Barely released at the time, this strange, cluttered melodrama marked the decline of Nicolas Roeg in some eyes, as his seventies heyday was truly over with Eureka. Written by Paul Mayersberg from a book by Marshall Houts and based on a sensational true story that gripped the Bahamas at the end of the Second World War, the film was so complex in its presentation that not many viewers would have the time or patience to persevere with it, as once the vivid prospecting scenes are over with, the story leaps forward from 1925 to 1945, and we find McGann is one of the richest men in the world, yet deeply unsatisfied with his life.

McGann lives on his own personal Caribbean island in a sprawling mansion with his wife and servants. He is an obnoxious soul, abrasive, casually racist and paranoid, and loves his daughter Tracy (Theresa Russell) with an unhealthy possessiveness, especially as she is married to the considerably less well off Claude (Rutger Hauer with a French accent), who McGann believes has wed her for her money. Claude and McGann don't see eye to eye, but they both love Tracy, so the father becomes a rival in love for a battle that he can never win. Meanwhile, to complicate matters, influential businessmen (i.e. gangsters) covet McGann's fortune, and want a share, meaning to secure it by fair means or foul.

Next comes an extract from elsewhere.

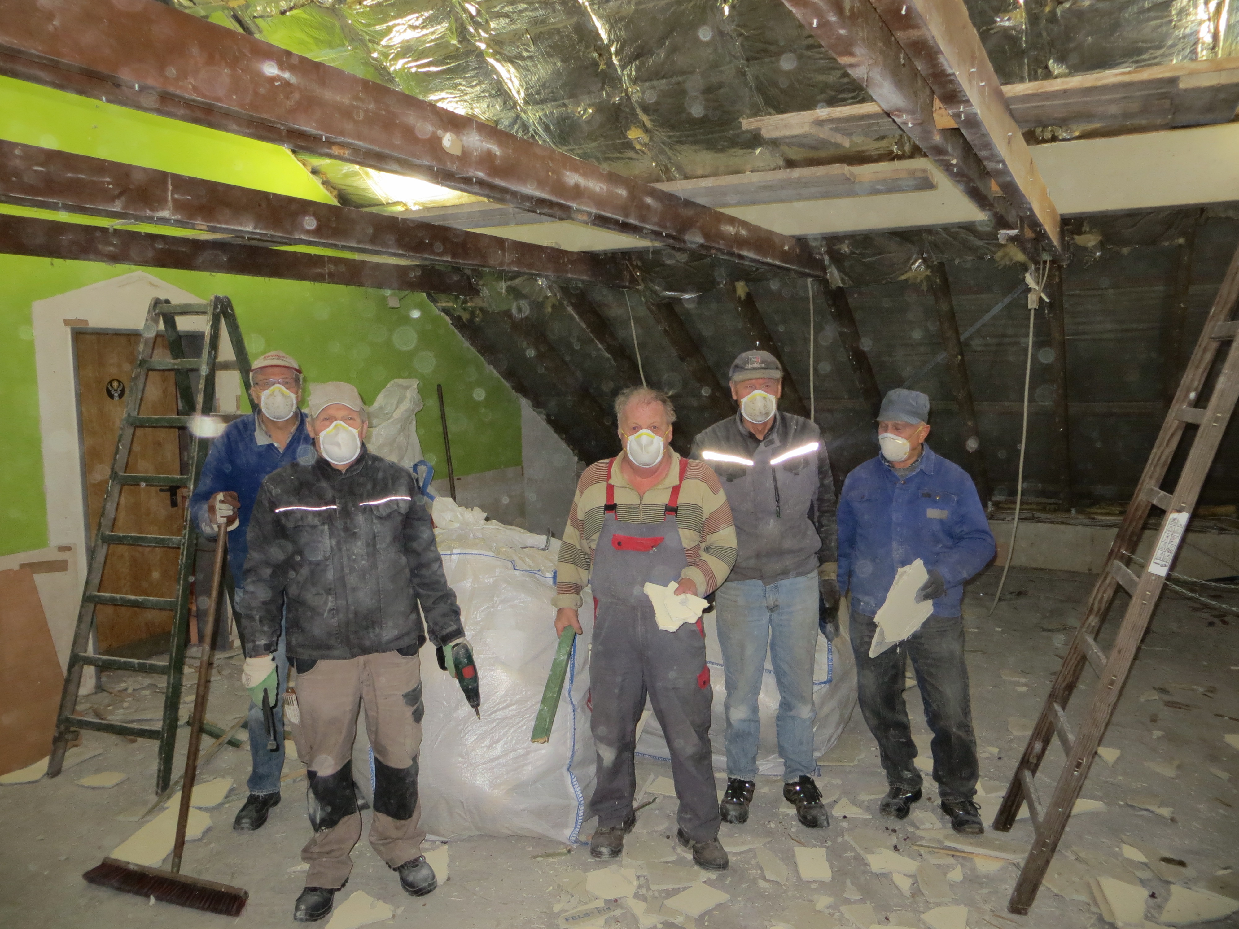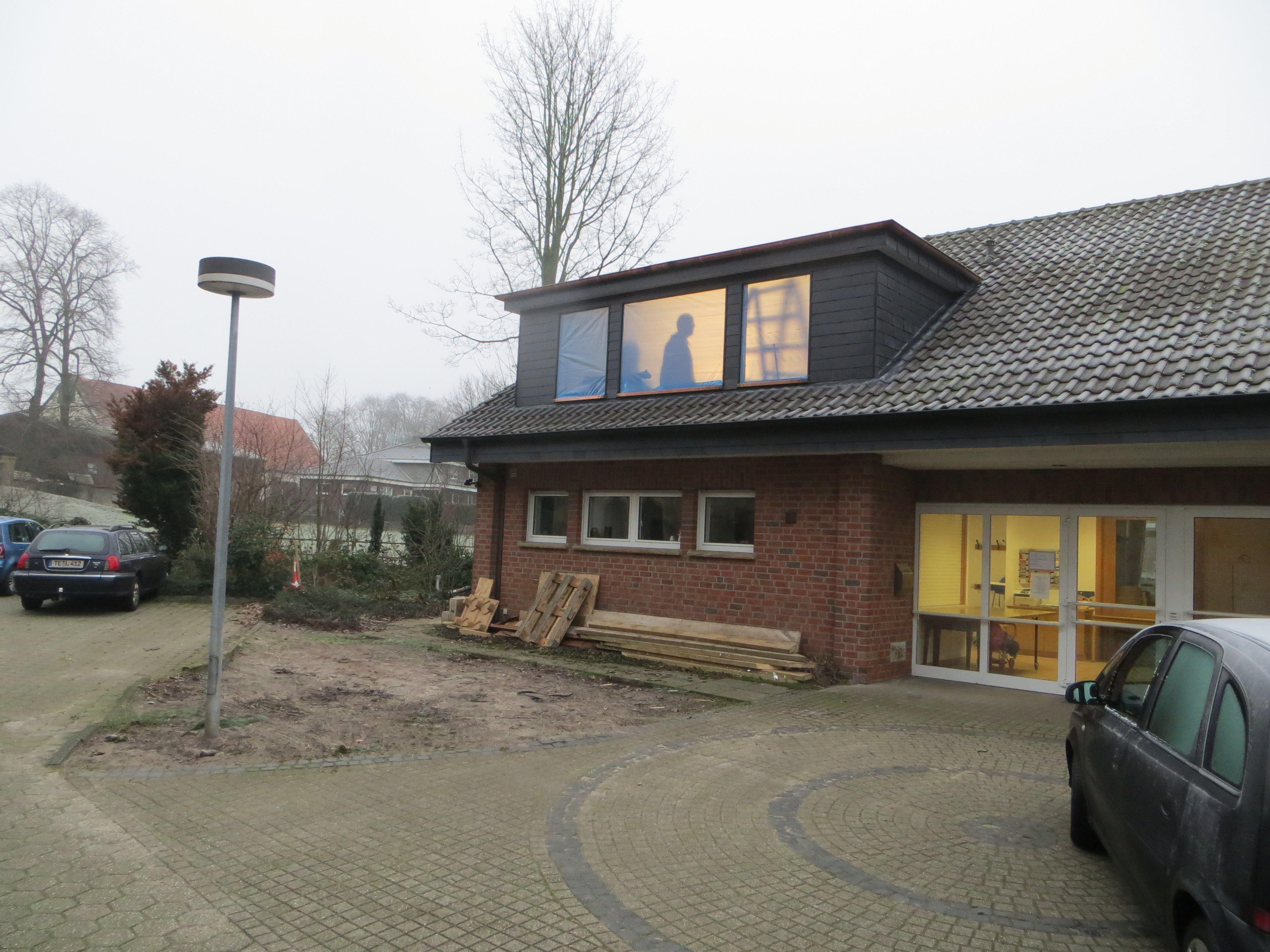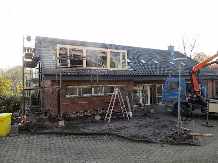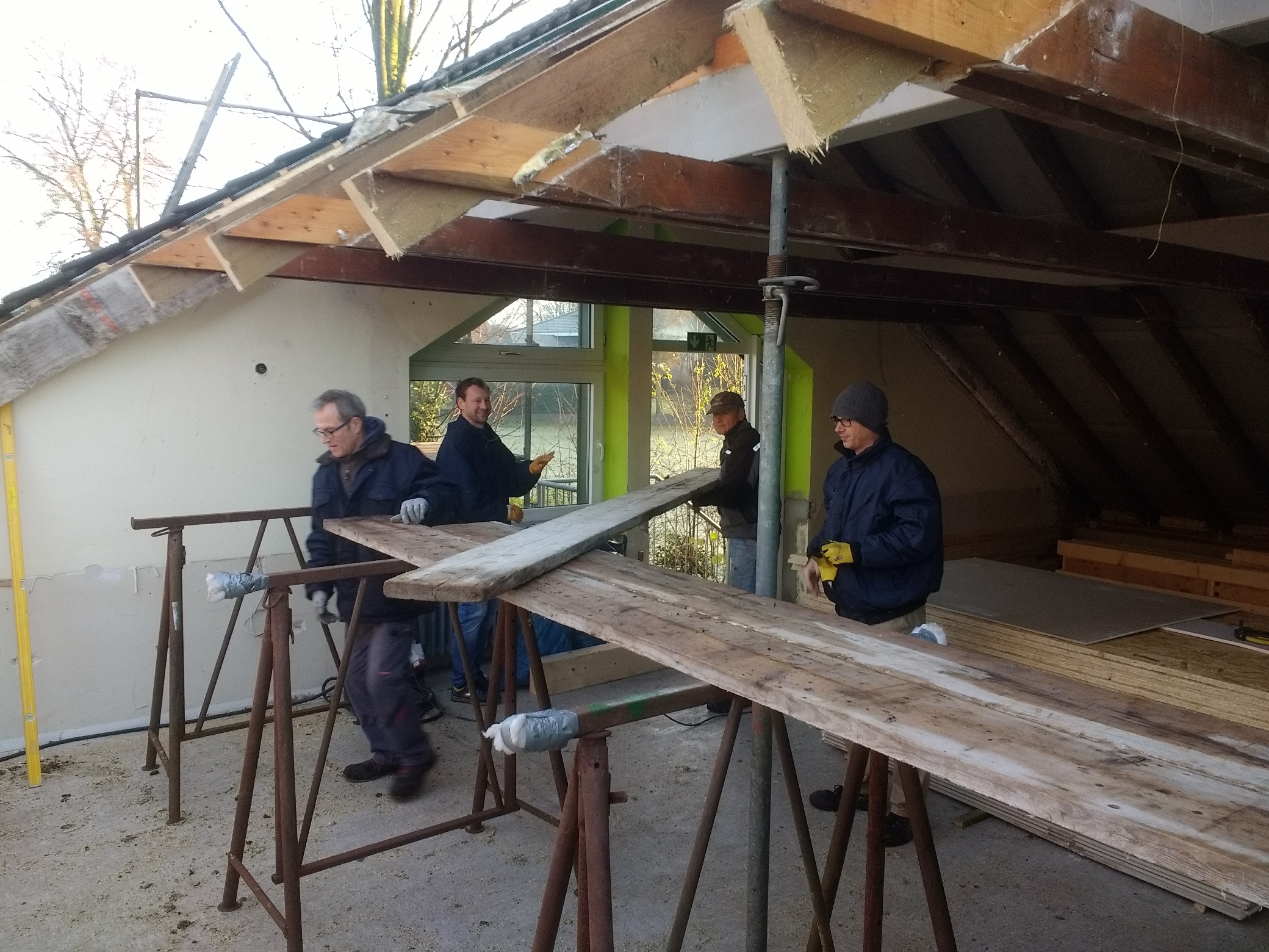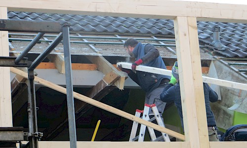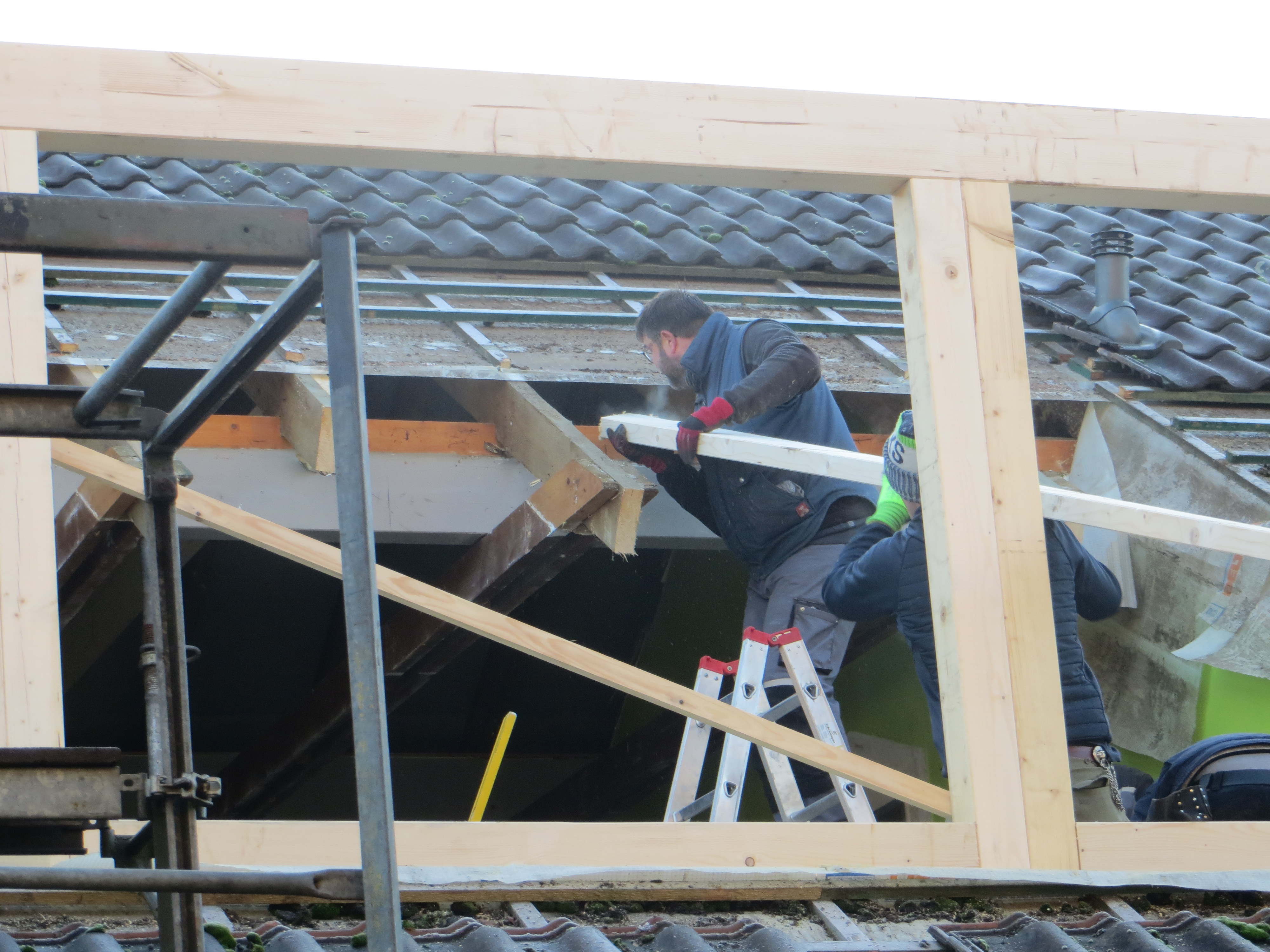 Ende Januar wurde die zweite Dachgaube von den Zimmerleuten und ihren Helfern errichtet. Die Außenarbeiten an der ersten Dachgaube, wie Klempnerarbeiten durch Heinz Horstmann (Dachrinnen und Fensterbänke), Dachabdichtung und Verkleidung der Außenseiten nahmen dann gut zwei Wochen in Anspruch. Die „Rentner“, die sich tagsüber dort engagierten und bei feuchtem und kaltem Wetter auf Dach und Gerüst rumkletterten, hatten zwar guten Willen und auch die nötigen Kenntnisse, aber wegen mangelnder Routine, bei denen, die das nicht beruflich gemacht hatten, dauerte es dann doch etwas länger.

You can't accuse Eureka of lacking ideas, for a while it seems that every ten minutes a new theme is introduced. Love, family, money, loss, individualism, you name it. Claude believes that McGann has stolen his wealth from nature, as if there is no new wealth to be made, just acquired from what already exists. A mystical element is present, with McGann's Godlessness jarring with the other characters' belief in the purpose religion brings to life, whether it's Judaism, Christianity or even Voodoo, despite the unnamed forces that may have drawn McGann to his wealth. And yet, for much of the lengthy middle section there was a sense of the plot treading water until it found the right time to make its point.

The only purpose in McGann's life was to grab his fortune with both hands and never let it go, leaving him hollow inside but for his anger - the man with everything still wanting more. Yes, it's Citizen Kane all over again (watch for the snowglobe reference), and here the billionaire's empty life is under threat, not from his family, whose love he diminishes with his temper, but from outside interests, led by Joe Pesci's powerful gang boss posing as a respectable businessman, the observation here being that once they're rich enough, they're no such thing. When conventional efforts fail to make an impact with McGann, they turn to threatening methods, which he welcomes. It's as if he's willing them on to destroy him, a self-made man transformed into a self-destructive man.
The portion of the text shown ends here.